Give back the full listing verbatim, apart from its images.

> Data section:
== == ==

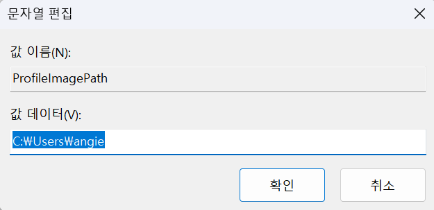 - ProfileImagePath 값을 찾아 더블 클릭한다. (혹은 마우스 오른쪽 클릭 > 수정 선택)
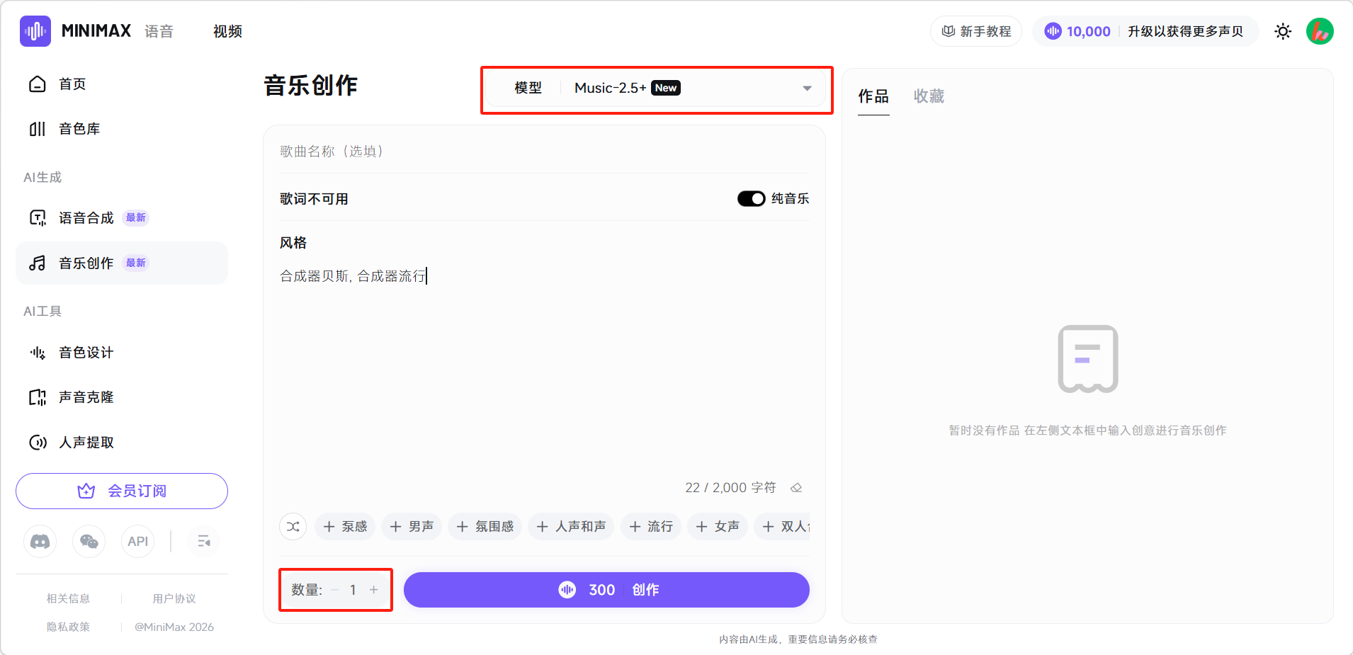 设置生成数量后,选择创作模型。点击「创作」按钮即可。
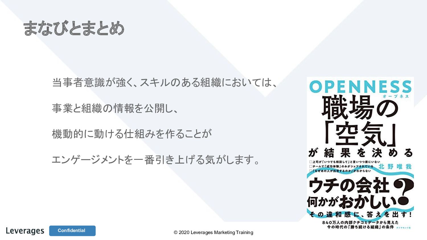 © 2020 Leverages Marketing Training Confidential まなびとまとめ 当事者意識が強く、スキルのある組織においては、 事業と組織の情報を公開し、 機動的に動ける仕組みを作ることが
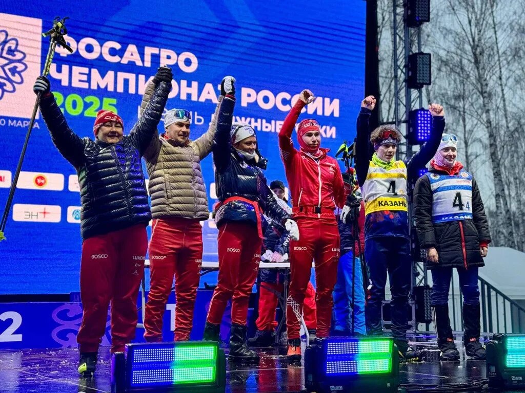 Идея прекрасная - организовать вечернюю лыжную гонку с привлечением мастеров лыжного спорта, Олимпийских чемпионов, ветеранов, тренеров сборной и детей из местных ДЮСШ. Радость и счастье для детей! И гонку провели в честь знаменательной даты в истории России - 80 летия Великой Победы! Концепция забега заключалась в объединении всех причастных к лыжным гонкам, поэтому команда была представлена шестью спортсменами, среди которых были действующие члены сборной России, юниоры из спортивных школ Татарстана, а также тренеры и сервисмены республиканской и национальной сборных. Но все опять пошло наперекосяк! Не буду останавливаться на деталях и командах эстафеты, команды состояли из 6 человек и каждый бежал по 1,9 км. В итоге победила команда главы ФЛГР Елены Вяльбе! Навязать конкуренцию Елене Вяльбе не смог никто — она финишировала первой с большим отрывом, а итоговый результат победителей составил 25 минут 25,6 секунды. В состав сильнейшей команды помимо Елены Вяльбе вошли Татьяна Сорина,

== == ==

> Solution to this task:
 - ProfileImagePath 값을 찾아 더블 클릭한다. (혹은 마우스 오른쪽 클릭 > 수정 선택)
 设置生成数量后,选择创作模型。点击「创作」按钮即可。
 © 2020 Leverages Marketing Training Confidential まなびとまとめ 当事者意識が強く、スキルのある組織においては、 事業と組織の情報を公開し、 機動的に動ける仕組みを作ることが
 Идея прекрасная - организовать вечернюю лыжную гонку с привлечением мастеров лыжного спорта, Олимпийских чемпионов, ветеранов, тренеров сборной и детей из местных ДЮСШ. Радость и счастье для детей! И гонку провели в честь знаменательной даты в истории России - 80 летия Великой Победы! Концепция забега заключалась в объединении всех причастных к лыжным гонкам, поэтому команда была представлена шестью спортсменами, среди которых были действующие члены сборной России, юниоры из спортивных школ Татарстана, а также тренеры и сервисмены республиканской и национальной сборных. Но все опять пошло наперекосяк! Не буду останавливаться на деталях и командах эстафеты, команды состояли из 6 человек и каждый бежал по 1,9 км. В итоге победила команда главы ФЛГР Елены Вяльбе! Навязать конкуренцию Елене Вяльбе не смог никто — она финишировала первой с большим отрывом, а итоговый результат победителей составил 25 минут 25,6 секунды. В состав сильнейшей команды помимо Елены Вяльбе вошли Татьяна Сорина,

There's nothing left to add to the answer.